A team of researchers led by scientists from The Rockefeller University and the Public Health Research Institute (PHRI) used molecular fingerprinting techniques to track the spread of methicillin-resistantStaphylococcus aureus (MRSA) in 12 hospitals in the New York City metropolitan area. The findings, published in the July issue of the Journal of Infectious Diseases, confirms the prevalence of antibiotic-resistant strains of staph in New York City.

“We have shown that molecular fingerprinting methods combined with epidemiologic and clinical information can detect MRSA clusters and outbreaks, providing a rationale for appropriate infection control intervention,” says first author of the study Richard B. Roberts, M.D., professor of medicine at Cornell University Medical College and adjunct professor in the Laboratory of Microbiology at Rockefeller.

Staphylococcus aureus is a most frequent cause of hospital-acquired and potentially life-threatening bacterial infections in the United States. MRSA is a form of staph that cannot be killed by many antibiotics. The worldwide spread of such multiresistant strains has become a serious concern. Public health officials have recorded a dramatic rise in the percentage of cases of MRSA, accounting for 35 percent of all staphylococcal isolates reported by the National Nosocomial Infection Surveillance System of hospitals in 1996.

Rockefeller and PHRI scientists used DNA fingerprinting methods to examine 270 single-patient MRSA strains collected during the month of May 1996 from 12 hospitals in the five boroughs in New York City as well as Suffolk and Westchester counties.

“Conventional methods for tracking MRSA are rapidly becoming obsolete and necessitate the introduction of more sophisticated molecular typing systems,” says Barry Kreiswirth, director of the Tuberculosis Center at PHRI and co-author of the Journal of Infectious Diseases paper.

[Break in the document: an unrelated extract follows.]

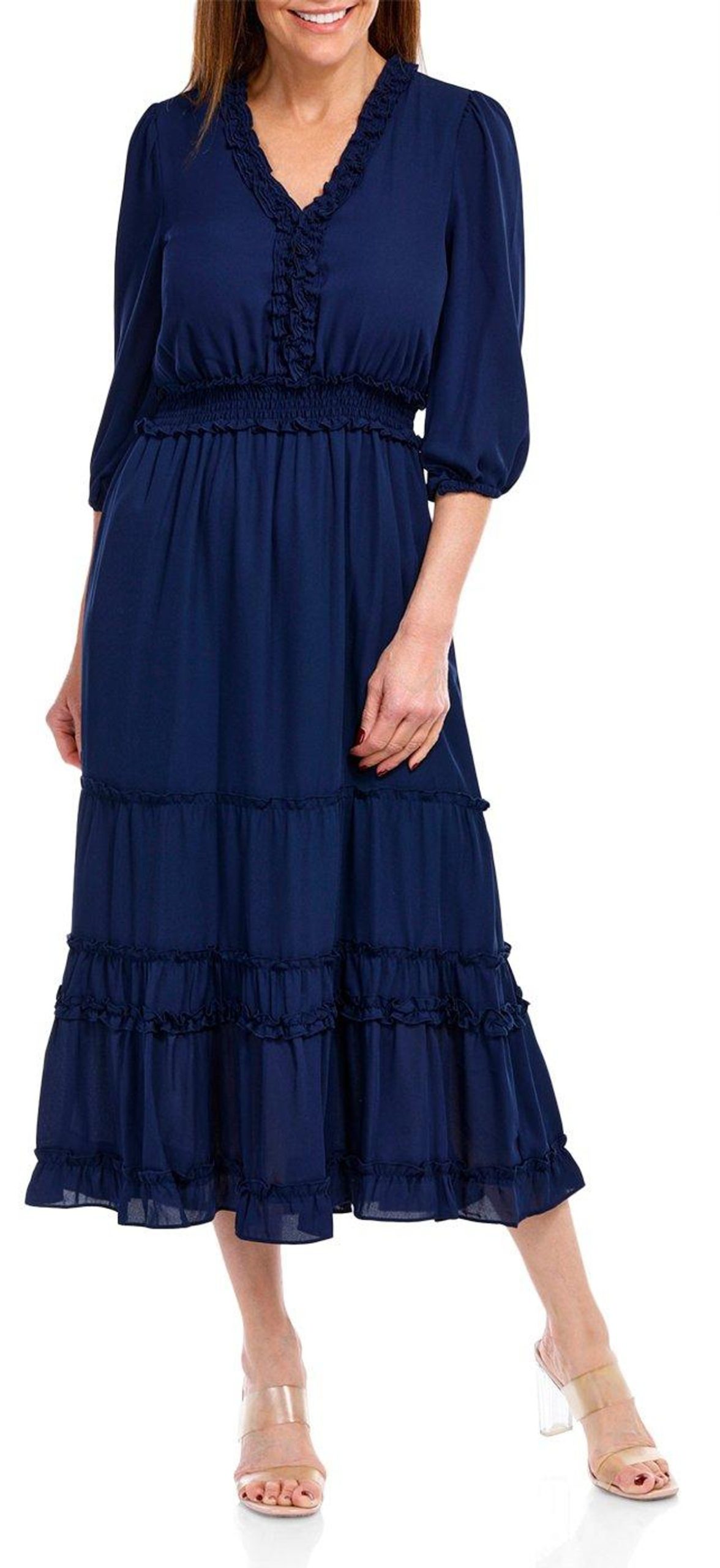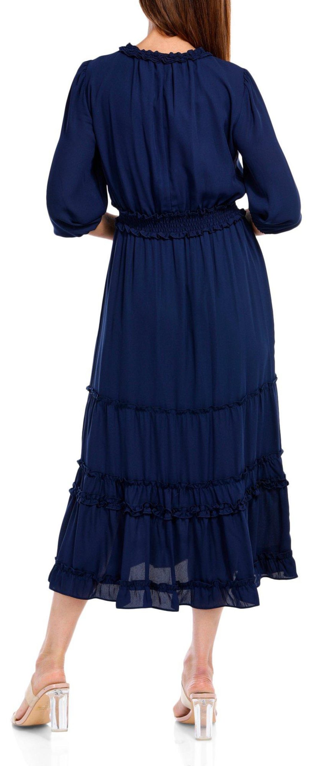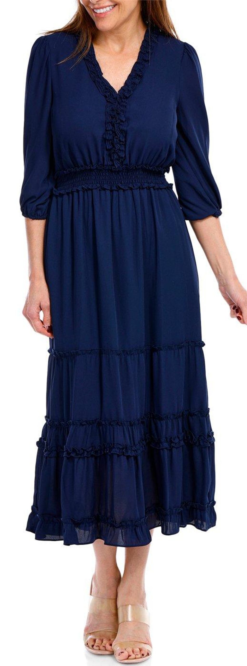 This women’s 3/4 sleeve chiffon dress, made from 100% polyester, combines elegance and comfort. The stylish solid color and ruffle detail on the collar add a touch of sophistication, while the 3/4 sleeves provide a chic look. The tiered skirt flows beautifully, making this dress perfect for any occasion, from casual outings to formal events. Embrace effortless style with this charming chiffon dress!

“The power of the DNA fingerprinting techniques is documented by several observations described in theJournal of Infectious Diseases paper,” says senior author Alexander Tomasz, Ph.D., professor and head of the Laboratory of Microbiology at Rockefeller. “Most interesting is the documentation of the widespread occurrence of a single multidrug-resistant staphylococcal clone present in 11 of the 12 hospitals and accounting for more than 40 percent of all drug-resistant isolates.”

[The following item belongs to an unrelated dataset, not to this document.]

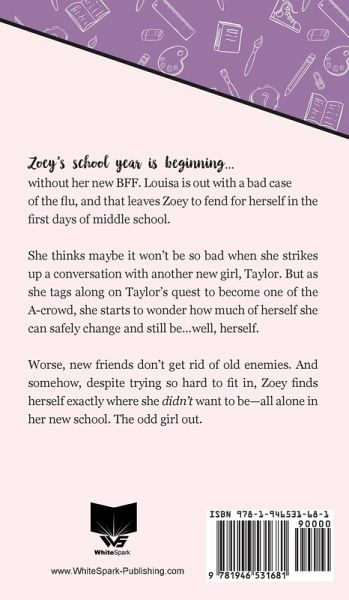 Zoey’s school year is beginning...without her new BFF. Louisa is out with a bad case of the flu, and that leaves Zoey to fend for herself in the first days of middle school. She thinks maybe it won’t be so bad when she strikes up a conversation with another new girl, Taylor. But as she tags along on Taylor’s quest to become one of the A-crowd, she starts to wonder how much of herself she can safely change and still be…well, herself. Worse, new friends don’t get rid of old enemies. And somehow, despite trying so hard to fit in, Zoey finds herself exactly where she didn’t want to be—all alone in her new school. The odd girl out.

Three additional clones of MRSA appear to be highly localized: one apparently primarily associated with AIDS patients, a second one associated with a Manhattan-based burn center and a third one found in a Brooklyn-based Veterans Administration hospital.

“The study illustrates the potential of fruitful collaboration between a major pharmaceutical foundation, scientists at a university and a private research institute, and clinicians and clinical microbiologists at hospitals throughout metropolitan New York,” concludes John Damonti, president of the Bristol-Myers Squibb Foundation, which provided major support for the study.